For the AEAT, this represents a decisive reinforcement of legal certainty. In a context of increasing insolvency activity —especially after the entry into force of Law 16/2022 and the explosion of insolvency proceedings of individuals reflected in our internal statistics— it is essential that the public credit regime does not depend on isolated or restrictive interpretations of specific courts. With this ruling, a uniform framework is consolidated. All tax credits generated during the bankruptcy proceedings accrue interest and surcharges, and both are credits against the estate.
For insolvency administrators, the ruling requires a review of internal criteria that had led, in some cases, to the rejection of surcharges based exclusively on the doctrine of the prohibition of enforcement. The Supreme Court clarifies that this interpretation was incorrect and that surcharges should be incorporated into the list of claims against the estate naturally, just like late payment interest.

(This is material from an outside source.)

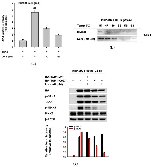 Loratadine specifically targets TAK-1 to exert anti-inflammatory activity. (a) HEK293T cells were transfected with AP-1-luc, HA-TAK-1, and β-galactosidase (control) using PEI for 24 h. Cells were treated with the indicated doses of Loratadine (30–40 μM) for 1 h. The expression level of AP-1 was assessed by measuring luciferase activity. (b) HEK293T cells were transfected with TAK1 using PEI for 24 h and treated with Loratadine (40 μM) for 1 h after transfection. The binding affinity of TAK-1 and Loratadine was evaluated using the cellular thermal shift assay at the indicated temperatures. (c) HEK293T cells were transfected with HA-TAK-1-WT or HA-TAK-1-K63A constructs using PEI for 24 h and treated with Loratadine (40 μM) for 1 h and whole-cell lysates were prepared. The expression levels of total or phosphorylated TAK-1, MKK7, HA, and β-actin (control) were measured through Western blotting analysis. (Bottom panel of c) Relative intensity of these proteins was calculated by ImageJ. ## p < 0.01 compared to the normal group; ** p < 0.01 compared to the control group. Data are presented as mean ± the standard deviation of experiments performed with 4–6 samples. WCL: whole cell lysate.

And for the defendants —both individuals and legal entities— the ruling has a clear educational value. Public debt arising after the declaration of bankruptcy maintains its legal structure intact, and compliance with deadlines is enforceable under the same consequences as in a normal situation. The bankruptcy proceedings are not a parenthesis where the legal effects of non-payment are neutralized.
In short, this is a ruling that brings serenity to the system. The decision of the First Chamber ultimately carries out an elegant and necessary exercise in legal technique. At a time of increasing complexity in the insolvency system, with a rising volume of insolvency proceedings and a growing diversity of operators, it was essential to reaffirm a uniform criterion that would guarantee predictability and security for all participants.
The ruling does not create a new rule. Simply remember, clearly, what the correct legal structure has always been. And it does so with the serenity that comes from decisions that are meant to last.